You’ll find FNPs in rural urgent-care clinics, community health clinics, specialty clinics, college campuses, worksite health centers, and more. Being available in all these practice locations, FNPs make health accessible to everyone through community outreach. Patients can get health education and essential preventative services like immunizations, disease screenings, blood testing, and more.

By facilitating access to care, FNPs can connect patients to the services they need and provide counseling services.

Provide tertiary prevention to prevent disease progression

Family nurse practitioners also play a role in providing tertiary prevention to patients. The focus of tertiary prevention is to help individuals manage complex health issues like chronic diseases over time and minimize suffering. As qualified practitioners, FNPs seek to improve the patient’s quality of life even when dealing with permanent impairments.

These healthcare professionals facilitate chronic disease management programs, rehabilitation programs, support groups, and vocational programs that retain workers. All this is meant to reduce the impact of complications.

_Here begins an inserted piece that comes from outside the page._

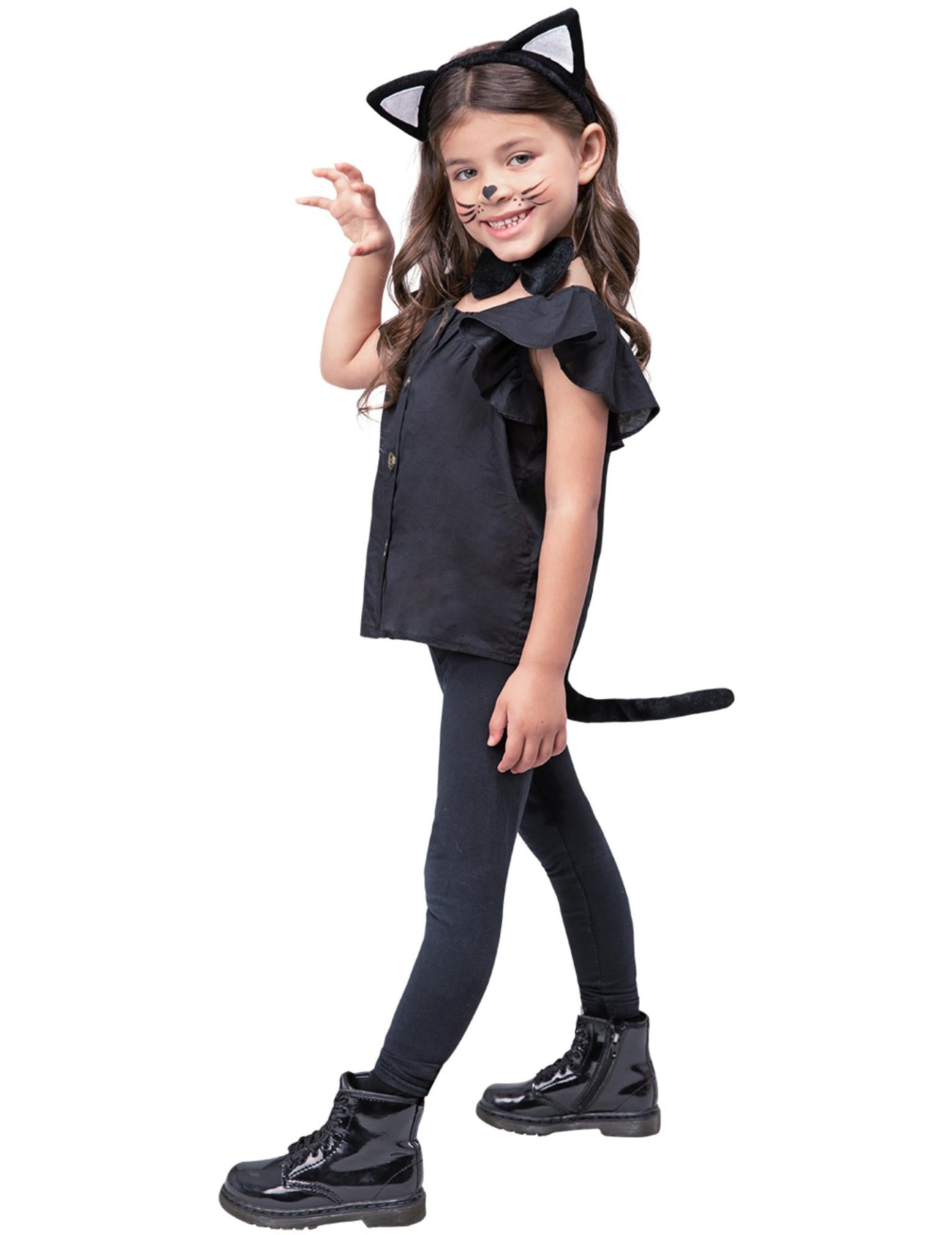 Acest kit de pisici pentru copii este format dintr -o bandă pe care sunt fixate două urechi, un gât cu papion care se atașează folosind o zgârietură și o coadă de aproximativ 20 cm cu elastic (îmbrăcăminte, colanți și machiaj nu sunt incluse). Acest kit va fi ideal pentru copilul tău să întruchipeze o pisică în timpul unei gustări de ziua deghizată sau pentru carnaval.

A good example is when an FNP works with a patient with diabetes to help prevent the disease from progressing to blindness. The medical professional provides prompt treatment to avoid further complications and restore function.

Advocate for policies that prioritize patients’ health

Family nurse practitioners also work behind the scenes to advocate for measures and policies that prioritize their patients’ health.

FNPs work to protect, promote, and preserve their patient’s well-being. They advocate for patients by connecting them to their needed resources, such as financial assistance, transportation, and other resources. These health professionals also take time to review and correct any errors that could be present in patient’s healthcare information. The review process can also help address any patient care oversights.

Advocacy also involves educating patients on improving their quality of life and managing health issues. FNPs discuss a diagnosis and available treatment options with patients and their families. They listen to their patients’ wishes and communicate them to others, which helps them protect patients’ rights to make informed choices about their health.

At an organizational level, FNPs also work with advocacy groups to raise awareness and provide a perspective on issues that patients and their families must deal with. They can advocate for patients at annual healthcare meetings, seminars, and conferences. FNPs sometimes write letters to different stakeholders in the health sector to encourage them to act and improve patient outcomes.

The future of family nurse practitioners

Family nurse practitioners (FNPs) are uniquely positioned to help people make informed health decisions. That ultimately leads to disease prevention and health promotion. The role of FNPs is expected to grow over the next decade to help curb the primary care shortage in the country. In the coming years, FNP’s role in preventive care will also increase in low-access and underserved areas, making them a valuable asset in the healthcare sector.